Gerade der letzte Punkt ist nicht zu unterschätzen. Wenn ein Projekt in einer bekannten Struktur entsteht, können Architekturentscheidungen, Code-Konventionen und bestehende Muster besser wiederverwendet werden. Das reduziert Reibung.

Außerdem senkt die vorhandene Infrastruktur die Kosten. Ich muss für einen MVP nicht erst eine neue Plattform aufbauen, sondern kann vorhandene Bausteine nutzen. Gleichzeitig zwingt mich das Projekt nicht, die gesamte Plattformarchitektur zu übernehmen.

Das ist ein wichtiger Unterschied:

Infrastruktur wiederverwenden heißt nicht, jede Architekturentscheidung wiederholen zu müssen.

Der initiale Stack sieht damit bewusst unspektakulär aus:

Frontend:
Angular Standalone App
Angular Material
CDK Drag & Drop
vertikale Feature-Struktur
Backend:
NestJS API
NestJS Service
PostgreSQL
modularer Monolith
Auth:
Keycloak, aber zunächst nur mit den wirklich notwendigen Rollen
Betrieb:
bestehende Labor-Infrastruktur
bestehende CI/CD- und Docker-Mechanismen

Das ist kein spektakulärer Stack. Und genau das ist der Punkt.

Für den Start soll nicht die Architektur im Mittelpunkt stehen, sondern der fachliche Durchstich: Spieler pflegen, Turnier anlegen, Gruppen bilden, Begegnungen planen, Ergebnisse erfassen, Sieger sehen.
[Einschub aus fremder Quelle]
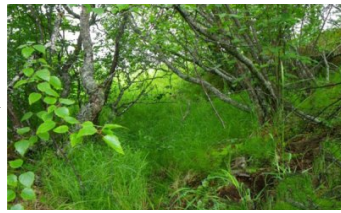
Kenai birch-paper birch/Sitka alder-cloudberry/bluejoint grass/horsetails/moss forest

Natural succession: Normal time and growth without disruptive erosion. As the effect of the landslides or windthrow subsides, deciduous trees will colonize and reproduce and eventually replace alder as the dominant overstory species. The understory typically will open, allowing for a mix of competitive, commonly hydrophilic shrubs, forbs, and graminoids to colonize and thrive. The period needed for this transition currently is unknown, but it likely depends partially on the rates of colonization and growth of trees. This transition may be slowed temporally and plant colonization may be affected spatially by seepage and runoff.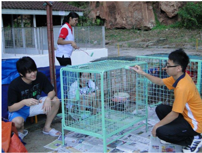
Painting the cages for the pets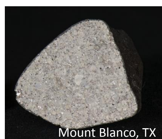
Mount Blanco, TX

Refinement of software tools to streamline data processing, and development of methods to directly measure total fall mass from RADAR reflectivity.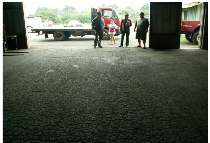
Senator Inouye visits the Kamuela Vacuum Cooling Plant in late December 2014.

The third request is for the Kamuela Vacuum Cooling Plant. The project will include planning, design and construction for improvements to the aging infrastructure of the building. Also included is the installation of up to a 100KW photovoltaic system that will help offset the costs of running the cooling plant and decrease costs for users in the community.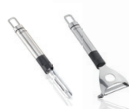
Potato peeler stainless steel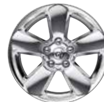
20-inch chrome-clad aluminum Standard on SXT Plus; Available on Express with Express Wheel & Sound Group (WHK)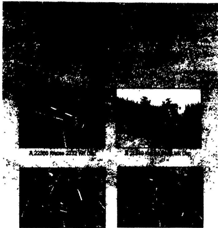
A 22306 Krause 2232 WR Disc

MEETING YOUR TILLAGE NEEDS FROM START TO FINISH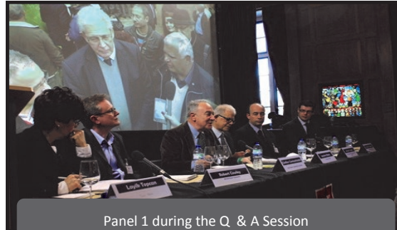
Panel 1 during the Q & A Session

Recently, however, Turkish Cypriots living in Famagusta have joined with displaced Greek Cypriots to demand the opening of Varosha under UN supervision, the return of property to its legal owners, the opening of Famagusta port under EU supervision, and the listing of the walled city as a UNESCO heritage site. The conference brought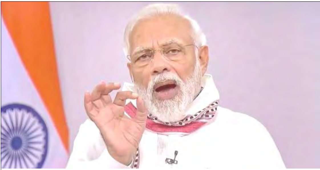
New Delhi, April 14, 2020: Ato Kiloner Narendra Modi-i video link ka ajanga linük nem osang agütsüba noksa nung angur. PM Modi-i linük ajunga maneni May 3 nü tashi mokdanga ayutsü sangdongogo.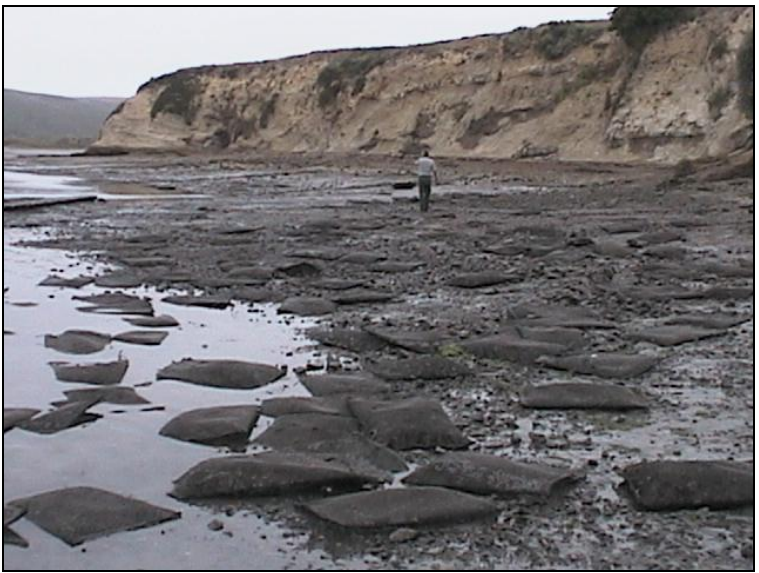
Oyster bags that cover the shoreline at Bull Point.

The activities of Johnson's Oyster Company (JOC) produced many adjudicated environmental problems. As a condition of a stipulated agreement (Marin County Superior Court No. 165361, March 1997), JOC was ordered to complete several actions, including obtaining building permits and upgrading facilities and septic systems to meet state and county code requirements. DBO is in the process of upgrading the facilities but is still under a Cease and Desist Order from the California Coastal Commission.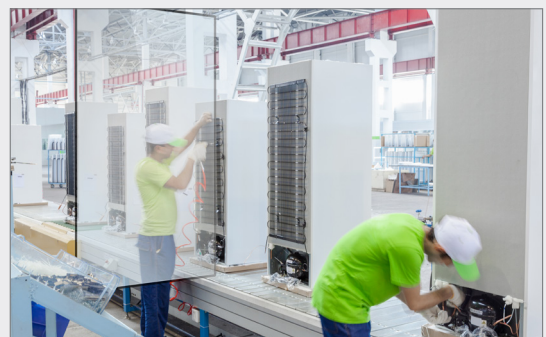
Manufacturing Line Clear and Opaque Partitions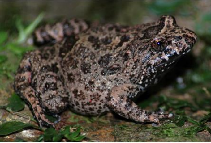
Tusked frog – similar to a toad.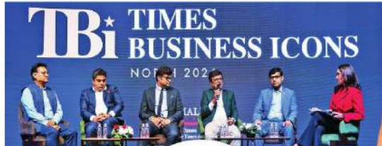
Industry leaders engage in a panel discussion, exploring the evolving role of leadership and sustainable practices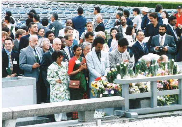
Conference participants dedicating flowers to the Cenotaph for A-bomb Victims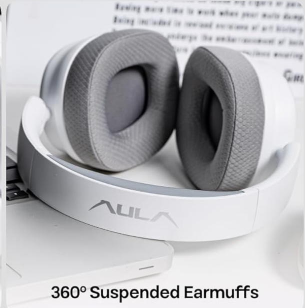
360° Suspended Earmuffs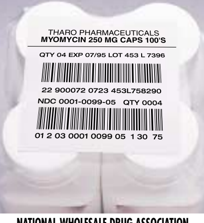
NATIONAL WHOLESALE DRUG ASSOCIATION (NWDA) PHARMACEUTICAL LABELS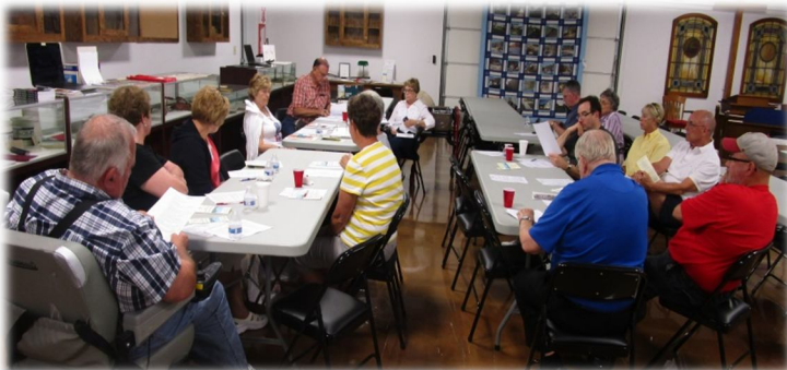
Directors of Penn Colony and interested Colony members attend the summer meeting of the board.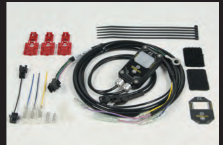
FI CON2 (Injection controller)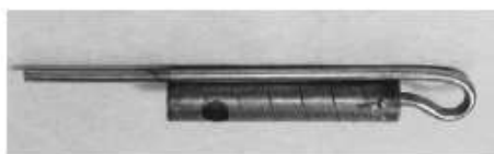
Fig. 3. View of the dip sampler (92 mm length, 12 mm outside diameter).

The objective is to be able to take a sample of liquid LBE in any facility through an air lock to perform subsequent chemical analysis with the following required specifications for the sampling system: sample homogeneous and fluid liquid metal; a system that does not pollute liquid metal sample; a system which is easy to operate, as it is required to operate in a nuclear environment; a system that may be quickly cooled. Such device has already been developed for the lead-lithium related technologies. The basic principle was to adapt the sampling system to the LBE melt and achieve a first qualification on a static facility in saturated conditions. A view of this dip sampler developed for the lead-lithium alloys is provided in Fig. 3. The tube on the bottom part, opposite to the hole for the inlet of the melt, was necessary to ensure a good filling of the sampler by enabling out gassing. This tube is no more needed for lead-bismuth alloy, because of its density. The dip sampler fabrication is thus simplified. The nature of the alloy used is stainless steel. The stripy marks done during fabrication on the external surface of the dip sampler enable a very easy discarding of the steel, like the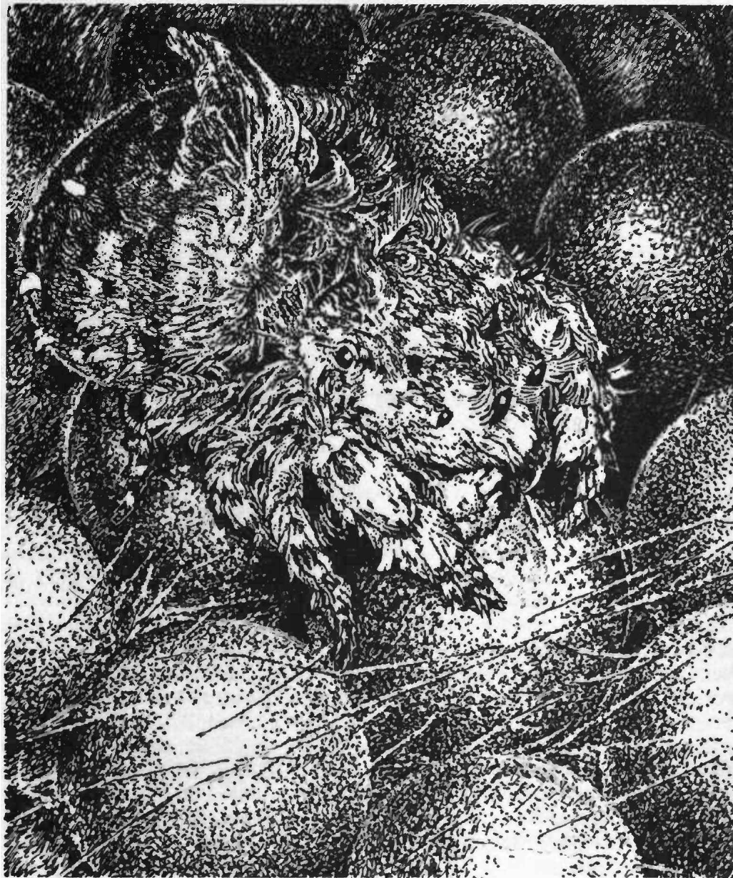
Fig. 2. Phyaces comosus Simon eating an egg of a much larger salticid ( Bavia aericeps Koch). Its fangs are piercing the chorion of the egg. The eggs are almost equal in size to the P. comosus .

When \frac{1}{2} –1 body length away, P. comosus stood inactive for 1–10 s, occasionally longer, then suddenly lunged forward and grasped its prey. There were no evident preliminaries to lunging (legs were not lifted, etc.). Prey was grasped with chelicerae alone. P. comosus was observed to capture a D. melanogaster only twice (vestigial winged in both cases), but all pursued salticids were captured.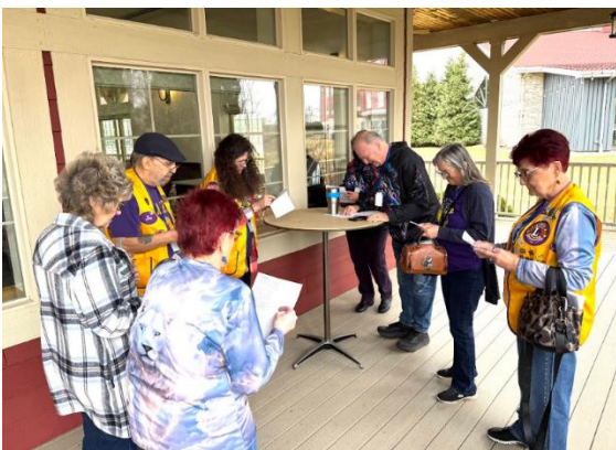
LOFS Lions pre-chant contest

Wenn dieser Ablauf trägt, kann die Anwendung wachsen. Vielleicht mit einer Live-Ansicht für Eltern. Vielleicht mit einer besseren Ranking-Logik. Vielleicht mit mehreren Turnierformaten. Vielleicht irgendwann mit einer stärkeren technischen Trennung.

Aber der MVP muss das noch nicht alles beantworten.

Er muss nur gut genug geschnitten sein, damit diese Fragen später beantwortet werden können, ohne dass man alles wegwerfen muss.

Die erste Architekturentscheidung dieses Projekts ist damit eigentlich eine Anti-Entscheidung:

Kein Microfrontend für den Start. Keine künstliche Service-Landschaft. Keine Architektur, nur weil sie verfügbar ist.

Stattdessen:

Ein bewusst einfacher Deployment-Monolith mit klarer innerer Struktur.

Das ist weniger glamourös als ein großes Architekturdiagramm. Aber für diesen MVP vermutlich deutlich gesünder.